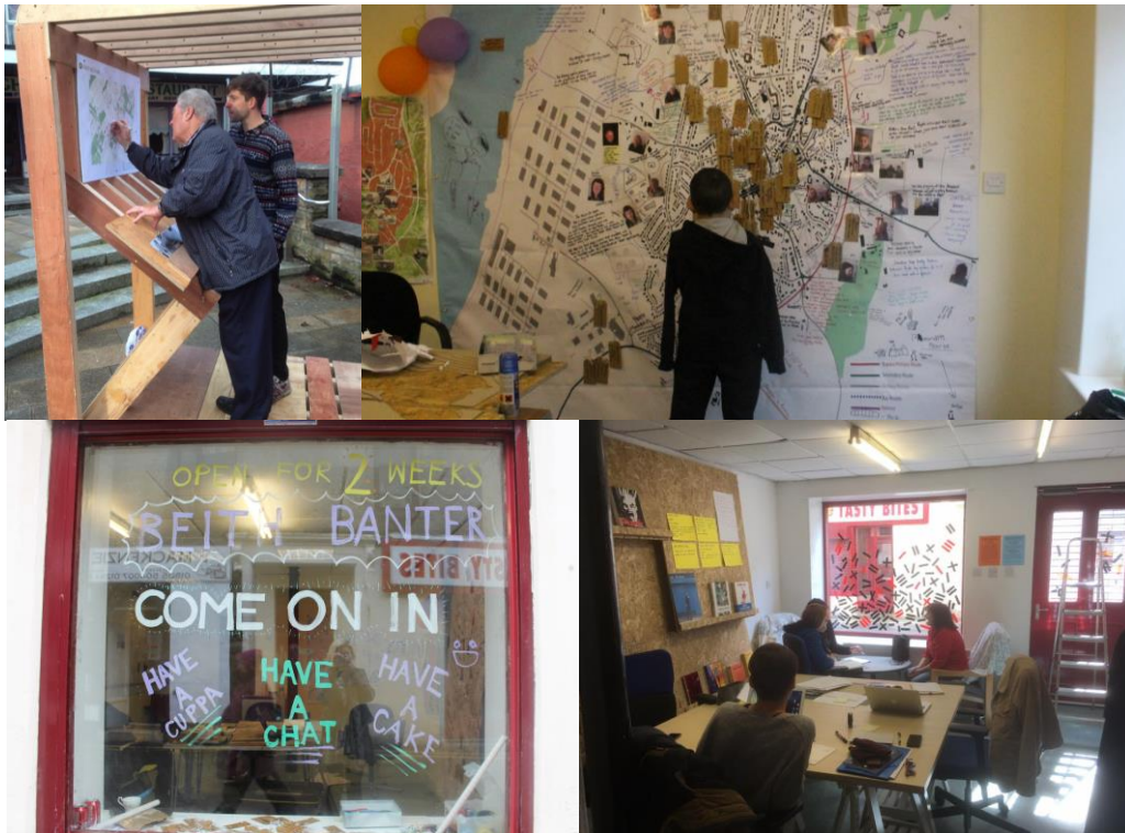
Figure 8: (Top left, clockwise) Public kiosk - 'One thing that would make Beith better?...' / 'Things to do in Beith?'; Beith Past and Present interactive map; Beith Banter - drop-in centre on Main Street; Project Main Street pop-up shop.

AMPS, Architecture_MPS; Liverpool John Moores University 08–09 September, 2016
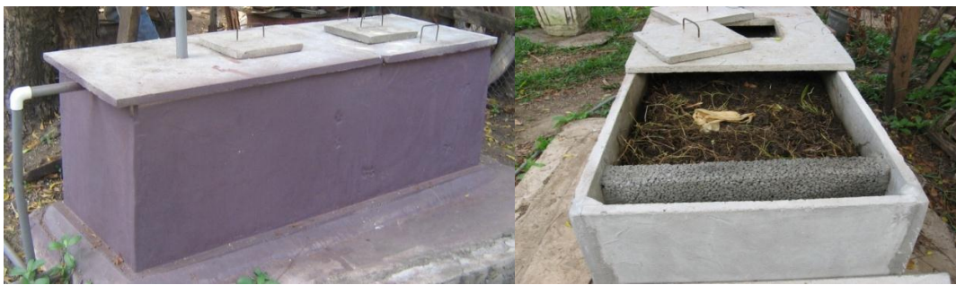
The Biofil Digester

The Biofil Digester is a simple compact on-site organic waste treatment system that uniquely combines the benefits of the flush toilet system and those of the composting toilets and eliminates the disadvantages and drawbacks of both systems.
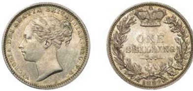
434 Shilling, 1882 (ESC 3071; S 3907). Extremely fine
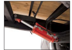
HD 5" Cylinder
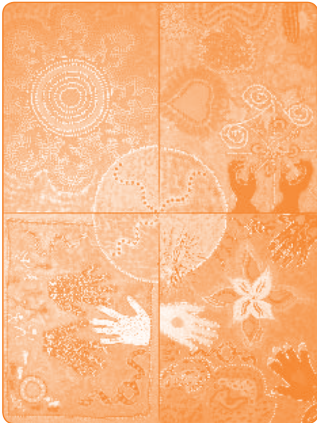
'Untitled Panels 1, 2, 3, 4,' by Nunkuwarrin Yunti Women's Healing Group

It is with great delight to announce our existing PHaMs West Program has been successful in receiving funding to continue offering PHaMs services until June 2012. In addition we have been given extra funding to increase our capacity to work with humanitarian entrants and Indigenous Australians in the region.

────────────────────

**YOUR TASK**
Return every line holding the word "that" from the records.

**TASK RESPONSE**
Figure 8: (Top left, clockwise) Public kiosk - 'One thing that would make Beith better?...' / 'Things to do in Beith?'; Beith Past and Present interactive map; Beith Banter - drop-in centre on Main Street; Project Main Street pop-up shop.
The Biofil Digester is a simple compact on-site organic waste treatment system that uniquely combines the benefits of the flush toilet system and those of the composting toilets and eliminates the disadvantages and drawbacks of both systems.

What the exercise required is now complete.